« comédia » Huile sur toile 2.50m x 1,50m Patrick Blanchon 2014 collection privée.
« comédia » Huile sur toile 2.50m x 1,50m Patrick Blanchon 2014 collection privée.
« comédia » Huile sur toile 2.50m x 1,50m Patrick Blanchon 2014 collection privée.

Je venais d’avoir 35 ans et j’habitais une chouette maison que j’avais trouvée dans un chouette village des Yvelines. Je mettais bien deux heures chaque matin pour atteindre mon bureau, à cause des embouteillages, mais je m’en fichais. J’allumais la radio dans ce vieux break Nevada que je m’étais offert pour l’occasion, et je prenais mon mal en patience. Prendre son mal en patience devait être, je crois, une sorte de synonyme pour désigner le fait de devenir un peu plus adulte. Quelques mois plus tôt, j’avais même accepté de m’occuper d’une petite chatte que l’on m’avait proposée. Être responsable de quelque chose d’autre que de moi-même devait aller dans le même sens, plus ou moins consciemment.

C’est alors que j’ai entendu cette histoire aux infos de 7 heures, en arrivant sur la Transilienne. L’homme s’appelait McArthur Wheeler et il s’était fait pincer après avoir cambriolé une banque à Pittsburgh. Je n’aurais pas accordé autant d’importance à cette information si le commentateur n’avait pas ajouté la raison de son arrestation. Une caméra vidéo l’avait filmé en plein délit et, lorsqu’on lui avait montré la bande, l’homme avait d’abord nié être l’auteur du délit. Puis il avait invoqué le fait qu’il était impossible de l’identifier, car il s’était enduit le visage de jus de citron.

C’est-à-dire qu’il croyait dur comme fer à sa méthode, qu’il continuait encore de juger infaillible. L’évidence que les autorités lui présentaient ne pouvait être, à ses yeux, qu’un fake.

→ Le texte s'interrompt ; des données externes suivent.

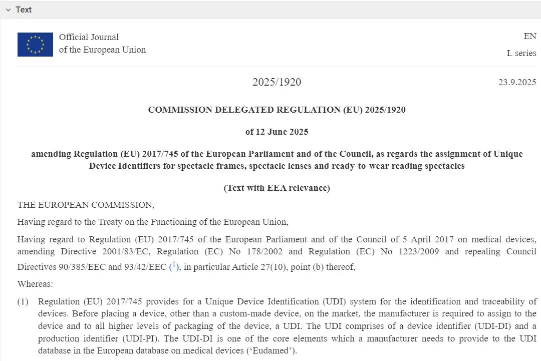 近日,歐盟官方期刊(OJ EU)發(fā)布了《歐盟委員會(huì)授權(quán)法規(guī)(EU)2025/1920》,對(duì)《醫(yī)療器械法規(guī) (EU) 2017/745》(MDR)中關(guān)于眼鏡框架、眼鏡鏡片和即戴式老花鏡的唯一器械標(biāo)識(shí)(UDI)要求進(jìn)行了重要修訂。

C’était évidemment un message du sort qui s’adressait directement à moi, il ne pouvait y avoir de doute. Et tandis que je jouais avec le levier de vitesse et la pédale d’embrayage de la Nevada pour rester au pas, ma première réaction, qui était de considérer le type comme complètement timbré, se transforma peu à peu en un koan zen. Un truc parfaitement incompréhensible que l’on se force à tourner en boucle pour y trouver un sens.

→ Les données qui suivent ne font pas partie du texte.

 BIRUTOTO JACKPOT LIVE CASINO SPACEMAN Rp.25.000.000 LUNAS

Il devait bien y avoir un rapport entre cette histoire de jus de citron et moi-même. L’évidence devenait de plus en plus évidente dans mon esprit, comme lorsque Forrest Gump déclare que « n’est stupide que la stupidité ».

Les embouteillages sont parfaits, à condition de ne pas s’énerver. On peut y faire le point sur sa vie.

À 35 ans, je découvrais que je ne me projetais vers aucun avenir, sinon dans la rêverie. Je ne faisais que ressasser les aspects les plus négatifs de mon passé et je tournais en boucle, de déprime en dépression. Ça ne se voyait pas trop ; je portais un costume et une cravate, et j’étais en pilote automatique de 9 h à 17 h.

Puis, à 17 h 01, quand je remontais dans ma Nevada pour revenir vers ce fichu village, j’endossais la peau du personnage d’écrivain que je m’étais inventé, comme on plante ses dents dans l’acidité d’un citron pour tenter d’atténuer le durcissement des artères.

C’est là, je crois, que j’ai compris que j’étais comme ce type à qui on présente une évidence et qui se rebelle en toute « bonne foi », refusant absolument toute forme d’objectivité.

« Mais je croyais pourtant être invisible, je m’étais tartiné le visage de jus de citron… »

Quelques mois plus tard, j’ai déménagé dès la première occasion, en emportant la chatte qui m’a accompagné durant 22 belles années. J’ai arrêté d’écrire pendant une bonne quinzaine d’années parce que, tout simplement, je n’avais plus rien de particulier à dire.